Wednesday, March 5, 2008

cherishh.

it's funny how dreams and the reality can connect.
it's just funny.

i woke up this morning with tears in my eyes.
so much that i felt as if i was drowning in them.

i dreamt of my late grandmother last night.
it's been such a long time since i last dreamt of her.
but last night,
she popped into my dream all of a sudden.

i dreamt that she came to my house buying pandan cake like she always used to.
then we were exchanging conversations like we would.
about school.
about tele programs.

the next thing i know when i switched position on my bed,
i was at her funeral.
i started crying in my dream.
it seems like everything is going in all the wrong directions and it reminds me of so much.

it's as if everything is repeating itself.
that same year when she passed away.
i was out and i was too tired to go to the hospital where she was at.
she was asking my mum and sis how come i still havent appeared.

the next morning,
i heard the news that she was gone.

i was the only grandson who didnt get the chance to say my final goodbye before she passed on.

it was heartbreaking.
utterly heartbreaking in fact.

i dont know what the dream was about but i do know i was so sad that my tears couldnt stop flowing.

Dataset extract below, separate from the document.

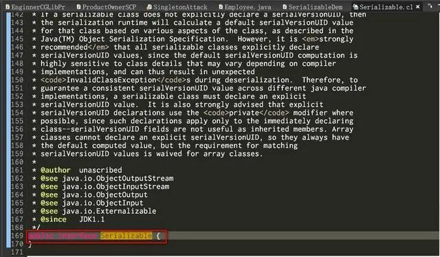 Java里的序列化,字符串,数组,枚举类和普通类是分别进行的。如果当前待序列化的变量既不是字符串,也不是数组和枚举类,那么就检测该类是否实现了Serializable的接口,大家注意下图第1177行就执行了这种检测。如果没有实现Serializable接口,就会抛出异常NotSerializableException。

when i opened my eyes this morning,
i realised that the pillow i laid on was wet.
i started to be reminded of what has happened in my dream,
and i started to cry again.

dearest ah ma,
i'm sorry i wasnt there when you asked for me.
and that i wasnt in front of you to say my final goodbye.
i was looking on the brighter side that you would live on and buy me more pandan cakes when you visit us.

i missed you.
i've never publicly announced that i miss you.
but i do.
it's so so sad to know someone who love me is gone.
it's even more sad to know you were one of the two living grandparents i have when i was born and i didnt appreciate you more.

i love you.
in my heart,
those pandan cakes are the one thing that directly connects me and you together.
you make me smile everytime i look, taste and think of them..

i love you.



on a lighter note..
i was happy last night before i went to bed.
pretty good news i must say.
okayy,
potential good news.

to you,
i dont hope for the flower to blossom.
i just wish to know you more.
i just feel happy being with you.
you might be one of the persons with the lowest self-esteem alive,
but to me,
you're beautiful and you make me smile everytime i think of you.
your dumbness makes you cute.
those pouts are like a different smile which can make me smile too.

in short,
i think i like you.
okayy,
i do like you.

oh well.

listen to the jessie mccartney song.